Chris Packham said that he cannot imagine “a long and healthy life” as his “tiger fraud” libel battle took its toll.
The BBC Springwatch host said he had suffered years of abuse and threats as a result of “incendiary” articles from a magazine, which “lit a fire” beneath those who objected to his views on animal welfare.
At the High Court on Thursday, he was awarded £90,000 in damages over the defamatory pieces, which claimed that he “manipulated” the public into making donations to rescue five tigers despite knowing they were safe.
Mr Packham, an outspoken animal rights campaigner, has become a target for activist attacks, which he said left him fearing for his safety. In one incident, a Land Rover was set alight outside his family home.
He now lives in a “cage of CCTV” cameras with his partner and stepdaughter, adding that he did not expect the abuse to stop with the conclusion of his libel case.
Dominic Wightman and Nigel Bean, the editor and writer of Country Squire Magazine website respectively, have been ordered to pay £90,000 in damages over nine libellous articles.
Alongside their claims about the tigers, Mr Packham was also said to have defrauded the public when promoting a crowd funder during Covid and lied about the burning of peat during Cop26.
However, Mr Justice Saini dismissed the claims and ruled that Mr Packham “did not commit any acts of fraud or dishonesty”.
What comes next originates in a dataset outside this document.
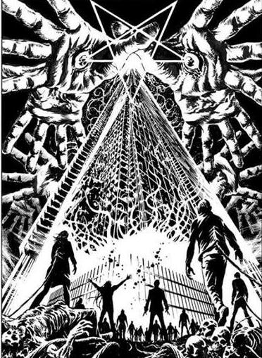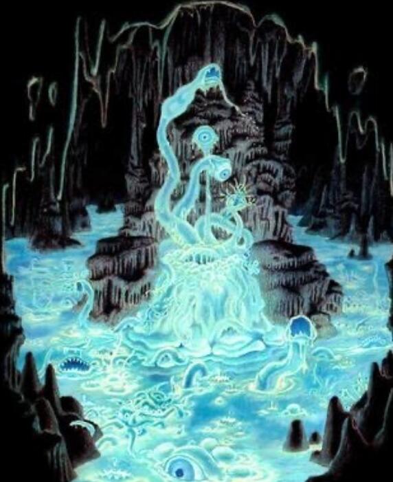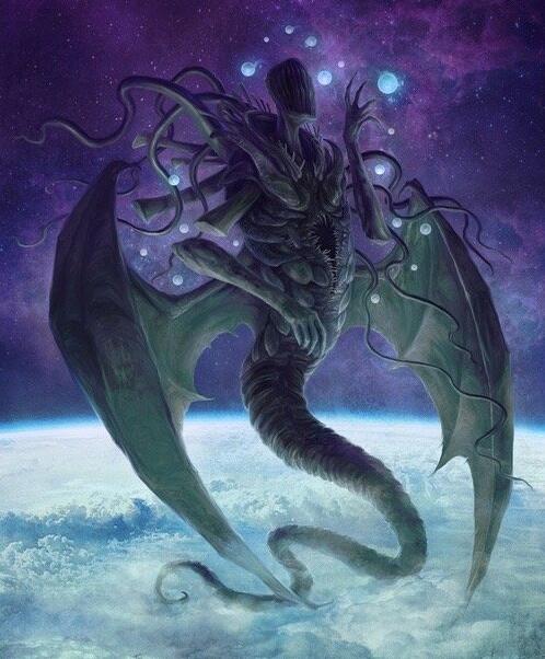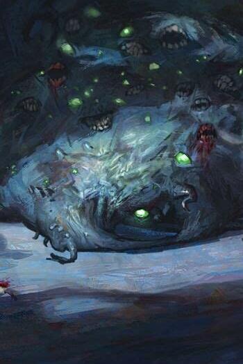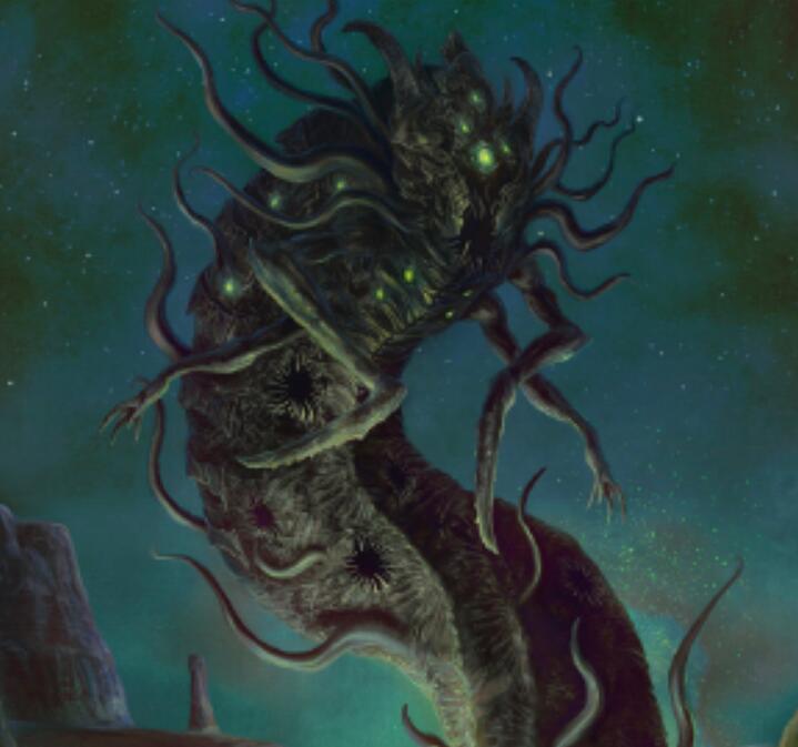 伊克纳格尼斯兹 其形象为一团黑色化脓的不定型物体,上面长有许多触手和眼睛,体表不断的起泡爆裂并剧烈地喷出类似岩浆的物质。无性繁殖出了旧日支配者茨泰尔贞格米(Zstylzhemgni)。 ![]() 疯狂愤怒地裂变着,他来了—— 伊克纳格尼斯兹,未知领域的污秽之主, 可怕的阿撒托斯的同时代者 谁以鼓声唤起了混沌。 ……以邪恶的繁殖力喷突他的卵。 没有凡人的眼睛可以注视他的脸 也无法一瞥他疯狂的分裂, 以视力和理智为代价,活下去吧。” 卡亚赫·卡阿尔赫 ![]() 外神卡亚赫·卡阿尔赫(Kaajh’Kaalbh)是环绕在阿撒托斯身边的无形舞者之一,别称“无尽折磨之主(Lord of Eternal Torment)”。它居住在一个无序的平行维度,在那里所有东西都是不稳定的,此外神的形态会不断地构成与分解,因此完全没有所谓的真正形态。在这个维度中,任何想要召唤它的人都需要一个被称为“空鬼(Dimensional Shamblers)”的外星种族帮助,而这位外神可能会以各种形态出现,通常是巨大的水银湖或岩浆池。 艾尔达戈斯 ![]() 艾尔达戈斯(Ialdagorth)是外神之一,别称“暗之吞噬者”,由凯文·埃里克·谢里登(Kevin Eric Sheridan)创造,初登场于《Servants of the Coils》。艾尔达戈斯是环绕阿撒托斯宫廷的无形舞者之一。它与阿撒托斯有着某种血缘关系,被认为是他的表亲。它看起来像一团无定型的黑色薄雾,看到它的人会有一种莫名的恐惧感。艾尔达戈斯能够被特定的咒语召唤至地球,它所到之处会被黑色薄雾所笼罩,而其中的一切将会被其吞噬。与多数外神类似,艾尔达戈斯在宇宙早期就已存在,由于它是阿撒托斯的表亲,故有一些说法称它与阿撒托斯同时诞生于无尽混沌之中。 克塔帕 ![]() 别称“星核之神”。形象为一团巨大的有生命、有感觉的岩浆,居住在地幔层。 这不仅是内部令人窒息、沉重和灼热的气息,而且还存在着地球的真正本质——一个可怕的存在,其起源隐藏在天穹的最外边缘……在地球深处,一些人用记录器捕捉到的尖叫声和令人心碎的哭嚎声并不是地狱的声音,而是沉睡在地球深处的克塔帕的流动声。 海德拉 别称“千面之月”,形象为一片浮现着无数哭泣头颅的灰色淤泥海洋。这是一个通过吸收智慧种族的头颅和大脑来生存的吸血鬼般的存在,它生活在传统时间和空间之外的异形维度之中。 ![]() “这里看上去像是一片灰色淤泥海洋,如同原生质体般毫无特点。但是那黝黑的斑点仔细辨认就像是头颅……数以千计的人头在灰色的海洋中摆动沉浮,然而更多的是非人类头颅……这些脑袋还活着,它们的眼睛凝视着难以名状的痛苦,它们的双唇诉说着无声的悲恸,泪水从沉没的面颊上滑落。甚至那些恐怖的非人头颅——鸟形的,蜥蜴的,由有生命的石头和金属构成的怪物,还有植物生物——都表现出了对于发生在自己身上的折磨的无穷苦痛。”

‘Why am I living in a stockade?’
Speaking outside the court to The Telegraph, Mr Packham said: “If I’m honest with you, I don’t imagine living the long and healthy life that I might have imagined a few years ago.
“Myself, my partner, my stepdaughter, share habitation from time to time. I’m constantly on my guard. We’ve had to upgrade the security of my house.
“Having to live inside a cage of CCTV and various other security measures is not pleasant.
“I’m just a bloke who gets up in the morning trying to make the world a better place for wildlife, animal welfare and the environment. Why am I living in a stockade?”
Mr Packham linked the Country Squire articles to an arson attack that took place outside his home in October 2021, when a stolen Land Rover Discovery exploded outside his house in Hampshire.
It parked outside the gates of his family home and was set alight by a group of men just after midnight. Suspicion fell on pro-hunting supporters, supposedly targeting Mr Packham over his opposition to bloodsports.
Death threats and dead animals
Mr Packham has also had badgers, crows and foxes strung up outside his home, and claimed to have had credible death threats and excrement sent to him through the post.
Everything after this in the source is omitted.